Give again, word for word, the lines below that run from the line with "Fully equipped toilet" through the line with "You must analyze". Drop the pictures.

(Dataset items)

Content starts

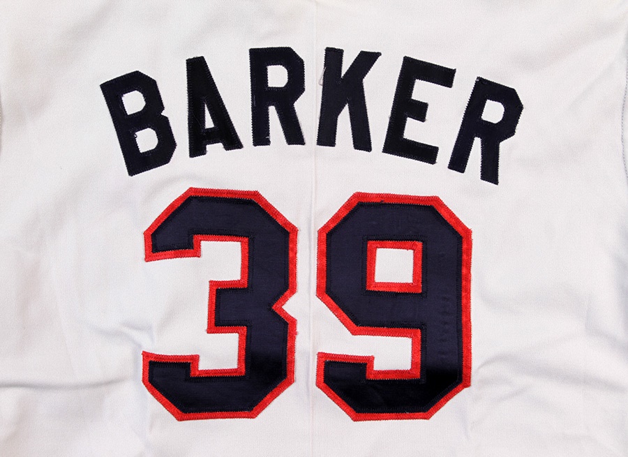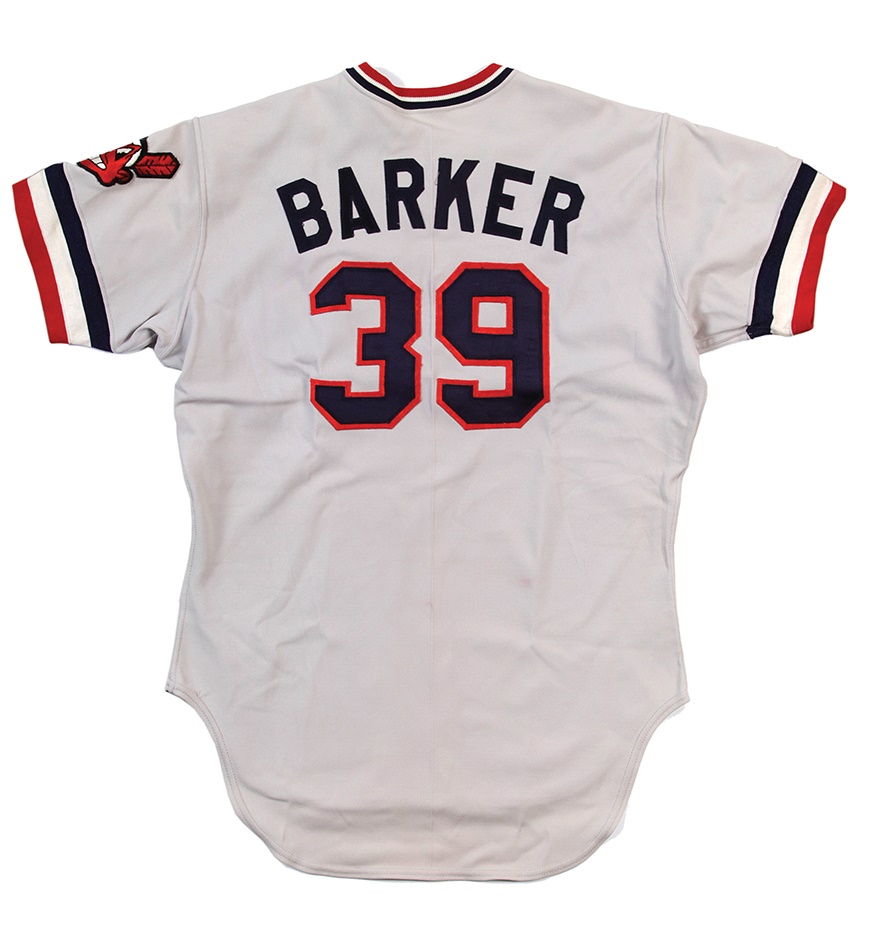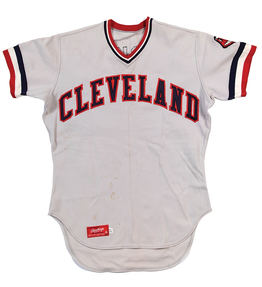 One year before he threw his perfect game against Toronto, Len Barker wore this road jersey for the Indians. That season, the right-hander enjoyed career highs of 19 wins and 187 strikeouts that summer as the ace of a 79-81 Cleveland club. The grey, V-neck pullover top reads "CLEVELAND" on the front with Rawlings size 46 - Set 1 1980 tagging on the outer tail. "BARKER 31" is on the verso, and there's a Chief Wahoo patch on the left shoulder. Shows excellent use. Barker would go on to retire all 27 Blue Jays he faced on May 15, 1981. At the time, it was just the 10th Perfect Game in Major League history.
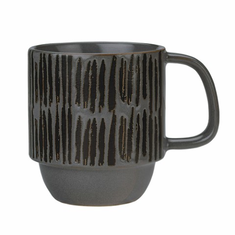 (Formerly World Tableware) Mug, 12 oz., stackable, tribal design, dishwasher and microwave safe, stoneware, gray, Afar (H 3-7/8"; W 4 -7/8" L 3-3/8) (12 each per case)
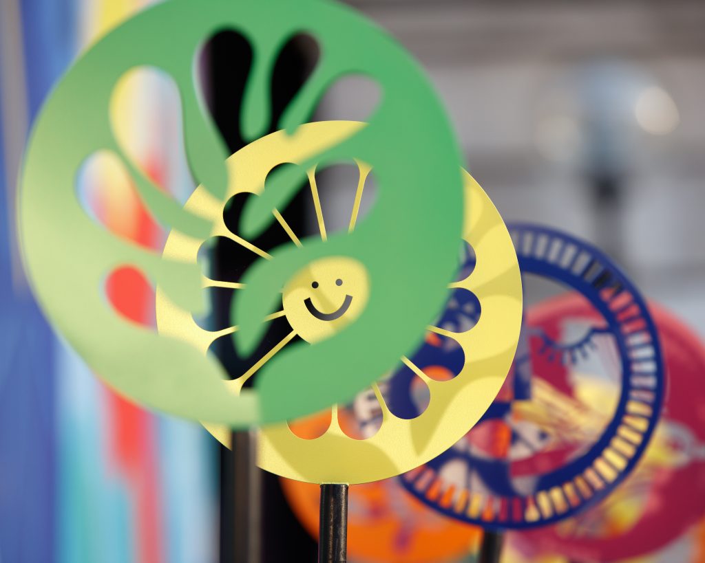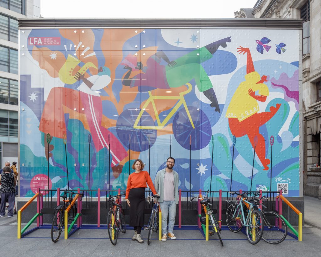 The winning design ‘Over Here’ by Iain Jamieson in partnership with artist Zoë Power was chosen in December 2021 by an expert judging panel, and installed outside of Victoria Station in June 2022 for the duration of the London Festival of Architecture. Over Here is a multi-coloured bike rack that uses an efficient, easy-to-use mechanism to make bike parking spaces clear from afar. Each bike parking space features an upright, artist-designed marker – with the original design created by Zoë Power. Behind the parking spaces is Zoë Power’s bold and playful mural, which brings life and colour to the station’s entrance.
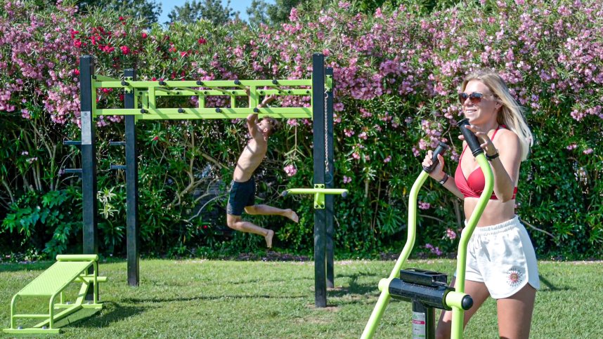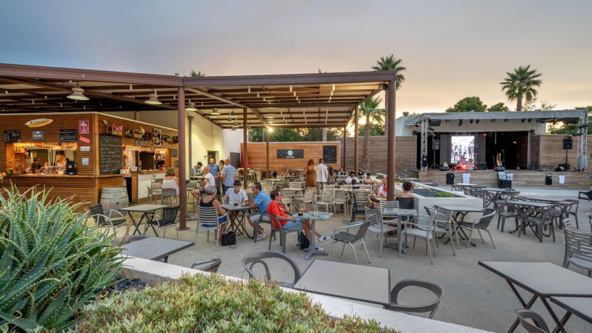 Fully equipped toilet blocks, one of them is heated. Washing machines. Motorhome services. Shop. Bakery. Bar. Restaurant and takeaway. Bike Rental. Free shuttle bus from the campsite to the beach. Kids club and teenagers club (high season). Heated swimming pool with waterslides. Play area. Organised activities for all ages (high season). Foam parties. Evening entertainment.
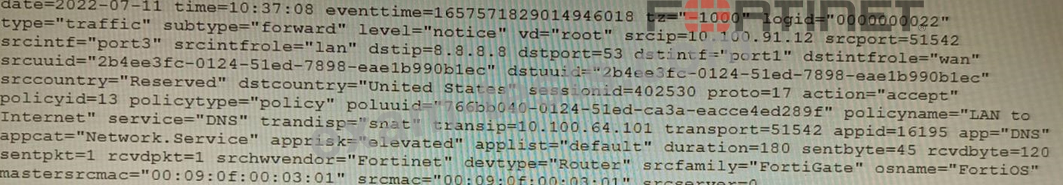 You must analyze an event that happened at 20:37 UTC. One log relevant to the event is extracted from FortiGate logs:
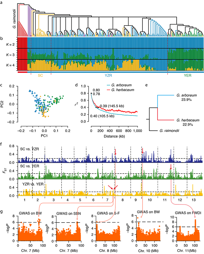 Resequencing of 243 diploid cotton accessions based on an updated A genome identifies the genetic basis of several key agronomic traits”的文章。该研究结合群体遗传学,全基因组关联分析和分子生物学等技术,首次从基因组水平上明确了亚洲棉在中国的演化,遗传多样性和群体结构特征,获得了一批重要性状关联的标记和基因,并发现抗枯萎病、生育期等性状受到地理分化的选择。
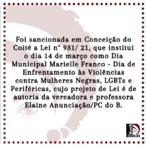 De acordo com o texto: “Fica instituído, no âmbito do Município de Conceição do Coité, o Dia Marielle Franco – Dia de Enfrentamento às Violências contra as Mulheres Negras, LGBTS e Periféricas, a ser celebrado no dia 14 de Março de cada ano, o qual integra o Calendário Municipal de Eventos. A data 14 de março foi o dia da morte da vereadora e do seu motorista.

Content ends

## [Written solution]
 Fully equipped toilet blocks, one of them is heated. Washing machines. Motorhome services. Shop. Bakery. Bar. Restaurant and takeaway. Bike Rental. Free shuttle bus from the campsite to the beach. Kids club and teenagers club (high season). Heated swimming pool with waterslides. Play area. Organised activities for all ages (high season). Foam parties. Evening entertainment.
 You must analyze an event that happened at 20:37 UTC. One log relevant to the event is extracted from FortiGate logs:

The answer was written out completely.